4- Nella fattispecie in esame, è da ritenersi tempestiva la contestazione disciplinare del
14.03.2024, e ciò considerando che la società ha avuto accesso al fascicolo del procedimento penale n. 1125/2023 RGNR solo in data 17 gennaio 2024 (cfr autorizzazione del PM, all.3 comparsa di costituzione) ed ha avviato il procedimento disciplinare il 14 marzo 2024, a meno di due mesi di distanza.
La mole di documentazione relativa al procedimento penale (oltre 4 mila pagine) e il numero di dipendenti coinvolti (24) giustificano, a parere del Tribunale, il tempo impiegato.
Non appare rilevante, sotto tale profilo, che il legale rappresentante avesse presentato denuncia-querela contro ignoti nel mese di luglio 2023 (cfr denunzia-querela, all.8 ricorso), atteso che appare chiaro che - in quel momento- la società non avesse effettiva contezza né delle specifiche condotte successivamente contestate, né dei dipendenti coinvolti in tali dinamiche.
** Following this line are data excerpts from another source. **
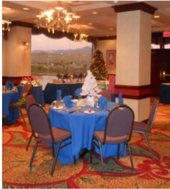
A Beautiful Setting For A Great Party 1
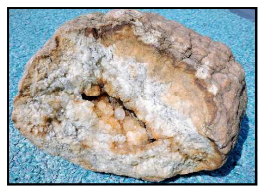
Specimens from Linda Spaulding's collection that will be auctioned at October club meeting.
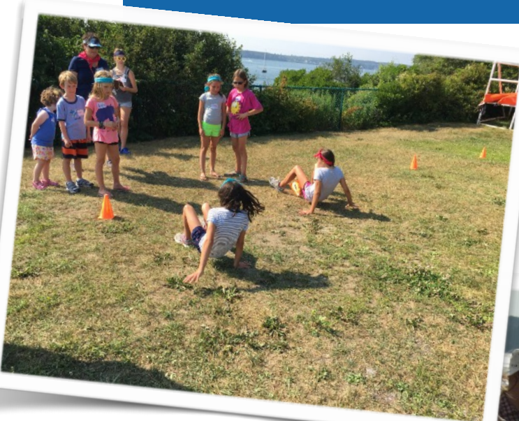
Crab Walk Relay
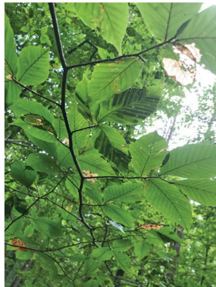
Beech tree infected with beech leaf disease

BLD has also been detected in Ohio, Connecticut, Massachusetts, New Jersey, New York, Pennsylvania, Rhode Island, West Virginia, and the Canadian Province of Ontario. In Virginia, the only known site to date is in Prince William County. If you see impacted beech trees with the symptoms listed above, please take photos and contact VDOF forest health staff at foresthealth@dof.virginia.gov .
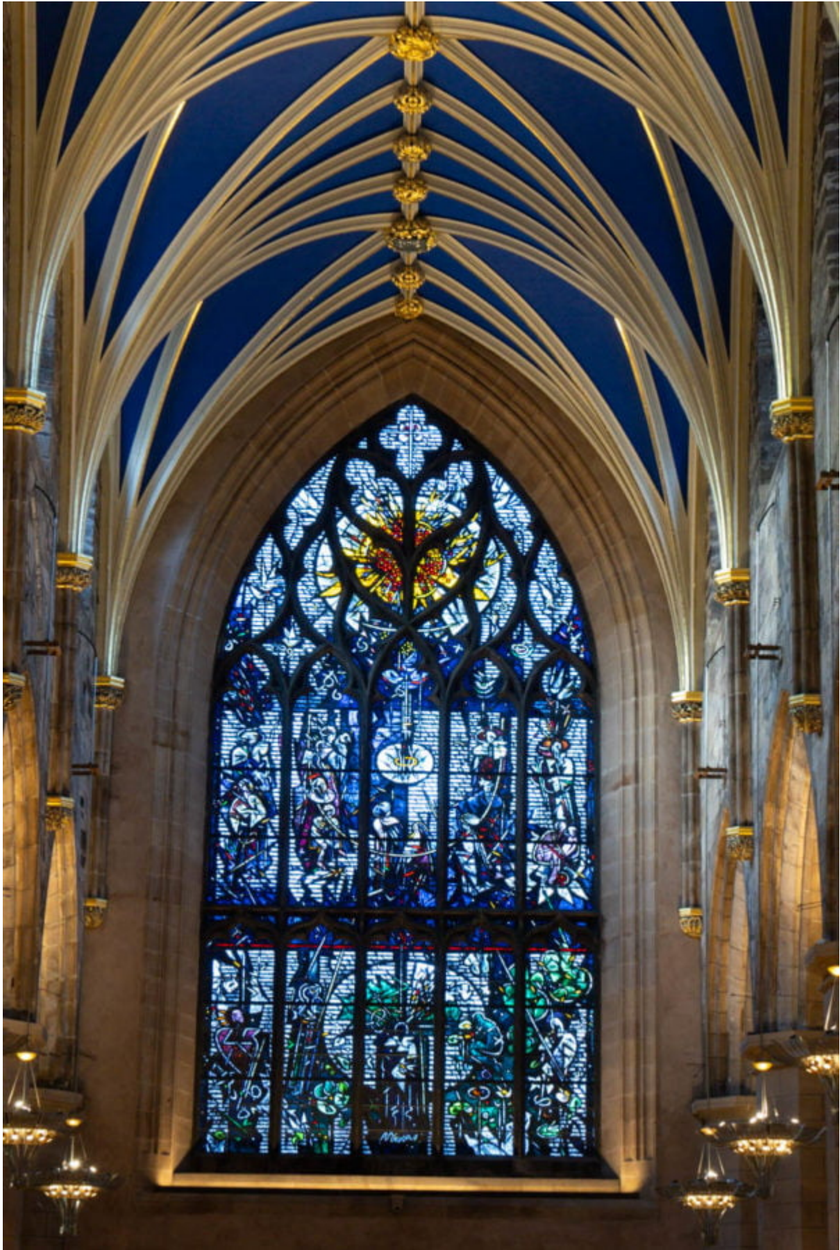
The stained glass window installed in St Giles' Cathedral to commemorate Robert Burns
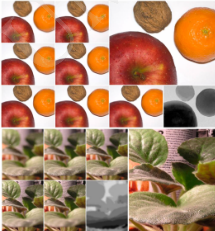
Fig. 3. Multifocus Image Fusion example sets. Small images are part of the original multifocus image set; last small, blurred image is the Height Map; large image is the fused image
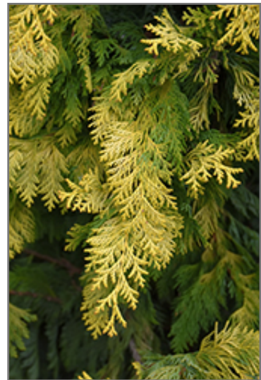
Cripps Gold Falsecypress foliage
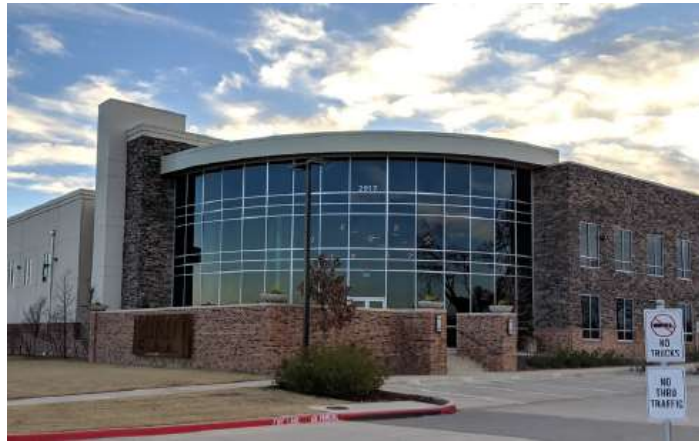
Figure 1-X Glass Curtain Wall
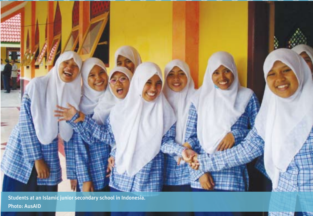
Students at an Islamic junior secondary school in Indonesia.
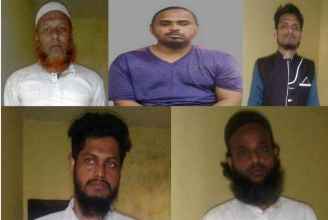
Arrested Bangladeshi nationals captured by the Assam Police

PROBE INTO BANGLADESHI SUSPECTS MAY COVER SEVERAL STATES
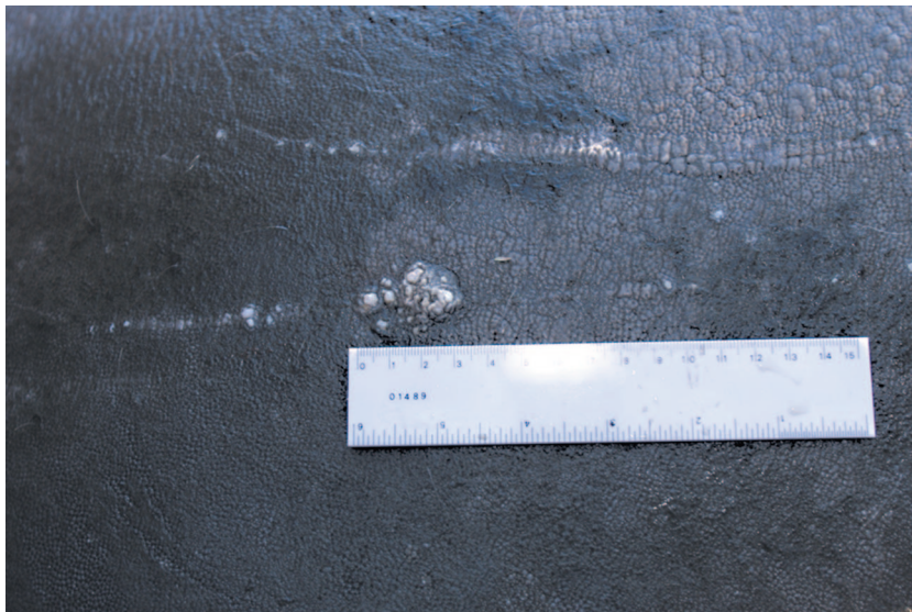
Multiple cutaneous sessile maculopapular papillomas on the dorsum of a manatee associated with a papillomavirus (TmPV-1), whose genome was recently sequenced. The linear distribution of the tumors suggests traumatic self-inoculation.

such as immunohistochemical staining to verify the presence, abundance, and distribution of brevetoxins in tissues. Brevetoxicosis in manatees may occur after chronic inhalation and in-
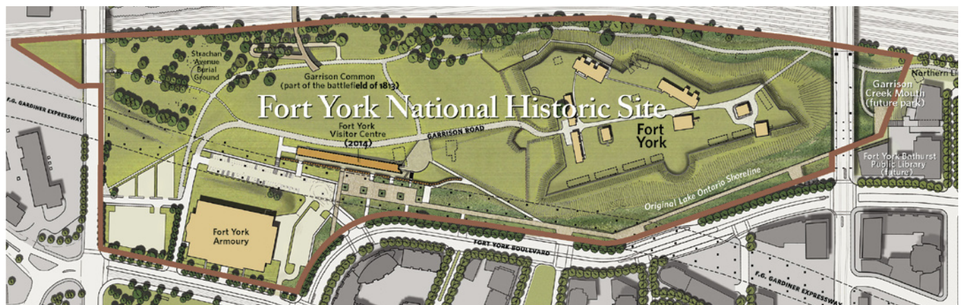
Landscape Master Plan for Fort York National Historic Site. Prepared by DTAH, Toronto, 2012.

Working with the Toronto Parking Authority, we have recently implemented a 'Pay and Display' parking system at Fort York. Given our location in downtown Toronto, with many other major tourist destinations in the vicinity and 6000 new units of housing to the immediate south, the need to implement such a system was pressing. The objective is to keep the small amount of parking that we have priced reasonably, but available at all hours. The majority of net revenues from the parking operation will be directed back towards programming at Fort York.
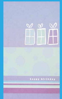
EHB723 Pretty Presents
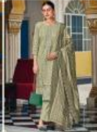
← CODE 4 2008 →
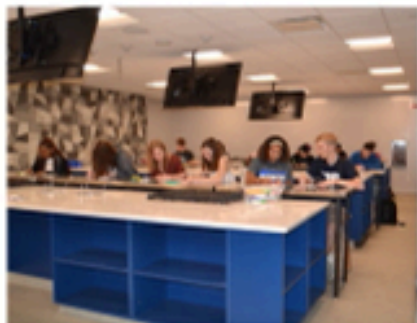
INGREDIENT IDENTIFICATION & Types Of Cuisine
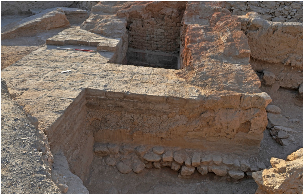
Fig. 18 - The sacrifice revetment layer around the basis of Tower A1.
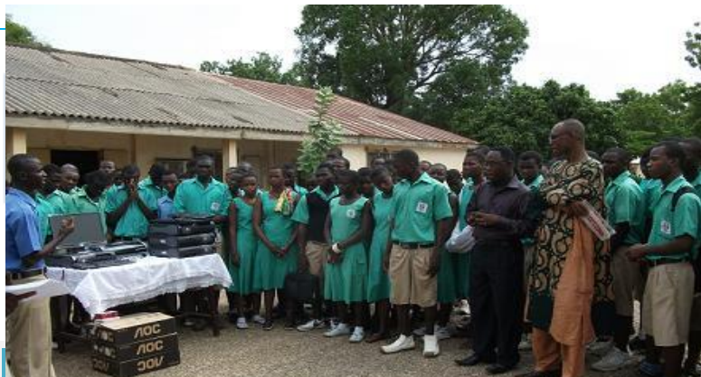
Students of Wa Secondary with computers donated by PIE
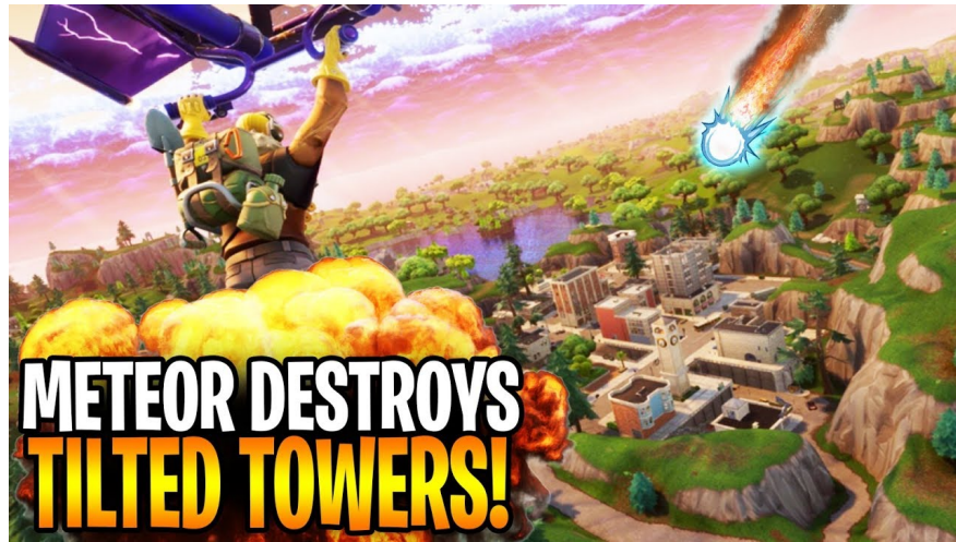
Figure 14: meteor
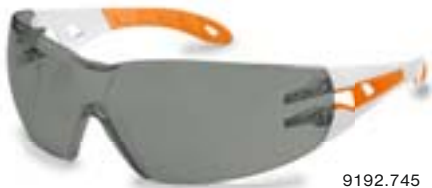
9192.745 narrow version
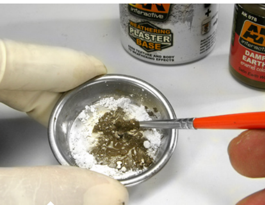
We apply the product directly from the jar on a well. Add plaster and stir with the brush to give a rough and coarse texture.
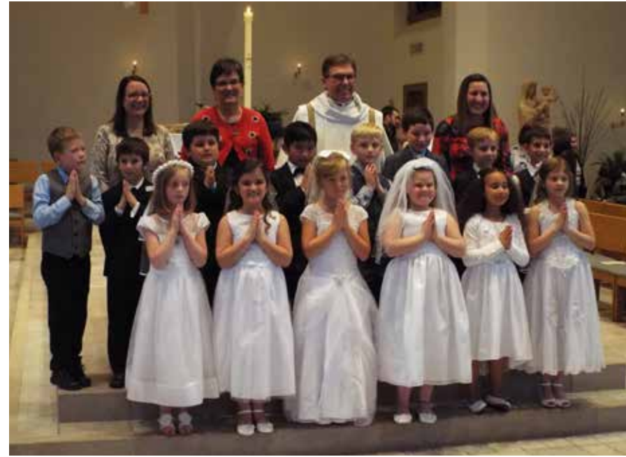
Congratulations to the First Communion Class of 2019 and their families.
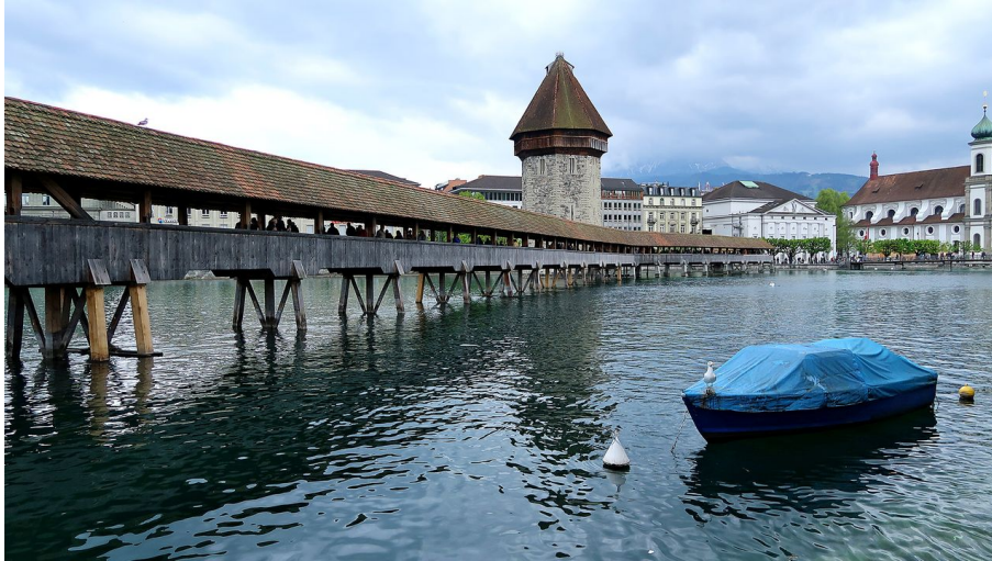
Jochen Ihle, Tourenplaner SCHWEIZ

Il 23 settembre 2023 ha ricevuto dalla Procura di Barcellona Controparte_1
Pozzo di Gotto l'avviso di accertamenti tecnici non ripetibili relativi a liquidi sequestrati il 13 luglio 2023 (all.9 ricorso), da cui è emerso formalmente l'esistenza del procedimento penale (n. 1125/2023 RGNR) contro 24 dipendenti, tra cui anche il ricorrente.
La società ha quindi informato gli indagati, riservandosi azioni disciplinari e risarcitorie in caso di accertate gravi violazioni.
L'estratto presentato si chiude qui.